(Supplied information)

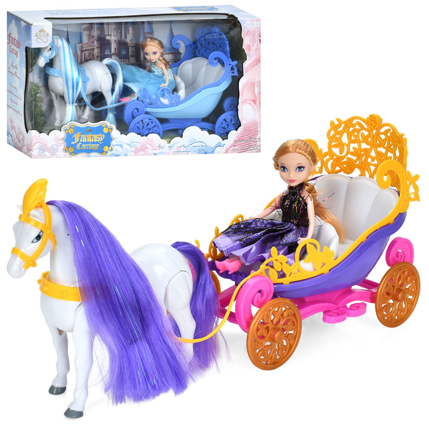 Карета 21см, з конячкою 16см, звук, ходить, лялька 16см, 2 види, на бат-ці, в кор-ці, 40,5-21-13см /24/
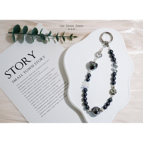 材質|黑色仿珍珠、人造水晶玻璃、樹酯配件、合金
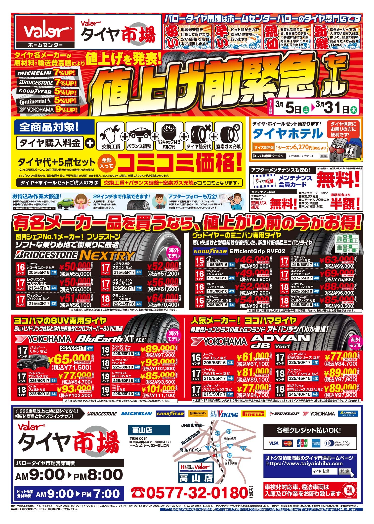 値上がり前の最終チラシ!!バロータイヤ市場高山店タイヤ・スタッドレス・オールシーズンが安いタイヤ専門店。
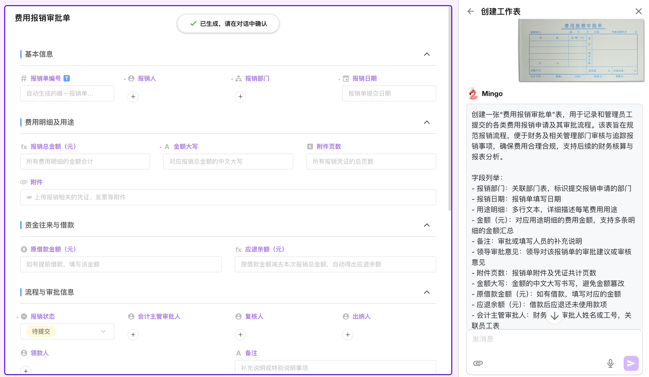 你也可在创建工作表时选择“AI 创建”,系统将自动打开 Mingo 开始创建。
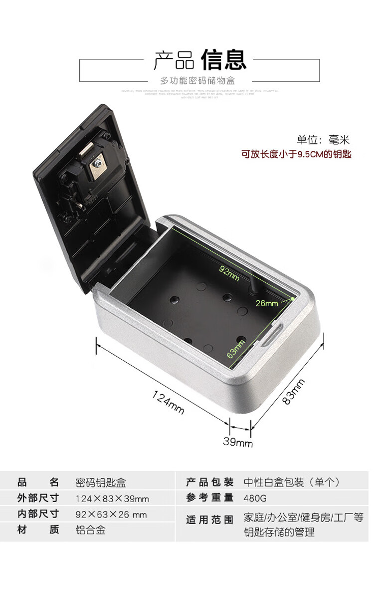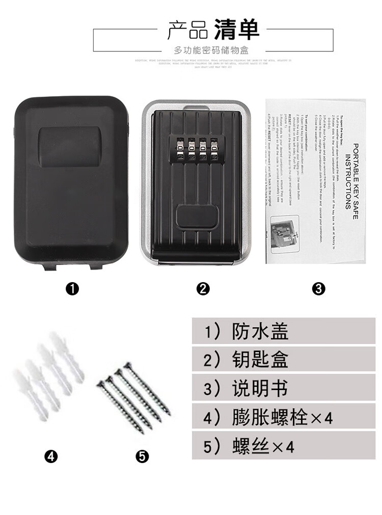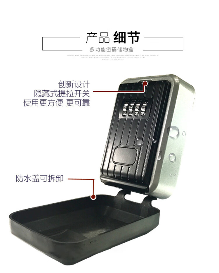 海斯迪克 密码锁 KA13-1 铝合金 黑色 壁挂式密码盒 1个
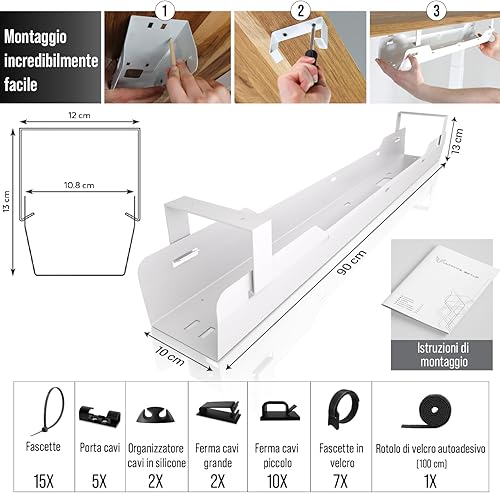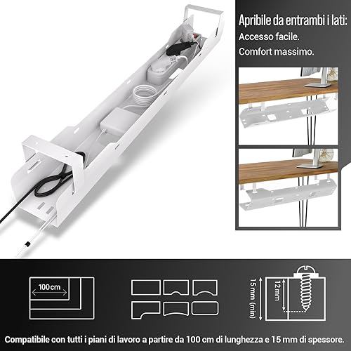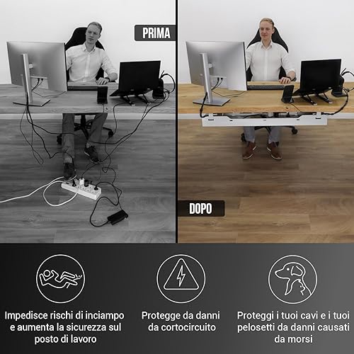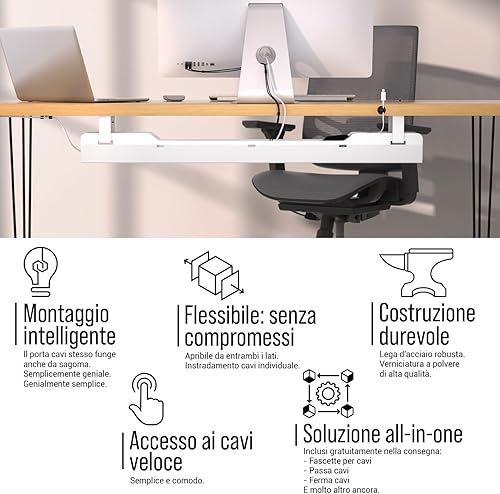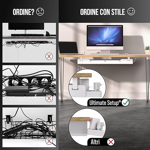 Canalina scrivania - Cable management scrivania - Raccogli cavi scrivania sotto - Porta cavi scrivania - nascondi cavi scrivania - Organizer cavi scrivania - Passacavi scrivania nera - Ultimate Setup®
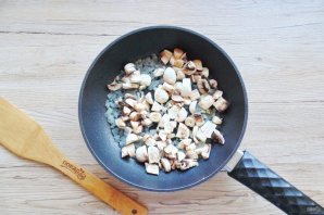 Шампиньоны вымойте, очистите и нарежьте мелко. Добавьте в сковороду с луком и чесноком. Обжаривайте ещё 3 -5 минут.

(End Supplied information)
(Supplied information)

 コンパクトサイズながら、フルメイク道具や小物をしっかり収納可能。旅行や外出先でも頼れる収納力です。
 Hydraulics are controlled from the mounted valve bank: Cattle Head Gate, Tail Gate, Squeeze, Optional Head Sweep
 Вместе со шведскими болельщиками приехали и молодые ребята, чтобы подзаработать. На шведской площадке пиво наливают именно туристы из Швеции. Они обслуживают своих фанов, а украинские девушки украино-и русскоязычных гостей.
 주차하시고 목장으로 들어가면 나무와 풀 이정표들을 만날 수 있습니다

(End Supplied information)

--- What to work on ---
From the records above, write out exactly the lines that begin at the line with "Карета 21см, з" and end at the line with "Шампиньоны вымойте, очистите". Pictures must not appear in the output.

--- Answer to the exercise ---
 Карета 21см, з конячкою 16см, звук, ходить, лялька 16см, 2 види, на бат-ці, в кор-ці, 40,5-21-13см /24/
 材質|黑色仿珍珠、人造水晶玻璃、樹酯配件、合金
 値上がり前の最終チラシ!!バロータイヤ市場高山店タイヤ・スタッドレス・オールシーズンが安いタイヤ専門店。
 你也可在创建工作表时选择“AI 创建”,系统将自动打开 Mingo 开始创建。
 海斯迪克 密码锁 KA13-1 铝合金 黑色 壁挂式密码盒 1个
 Canalina scrivania - Cable management scrivania - Raccogli cavi scrivania sotto - Porta cavi scrivania - nascondi cavi scrivania - Organizer cavi scrivania - Passacavi scrivania nera - Ultimate Setup®
 Шампиньоны вымойте, очистите и нарежьте мелко. Добавьте в сковороду с луком и чесноком. Обжаривайте ещё 3 -5 минут.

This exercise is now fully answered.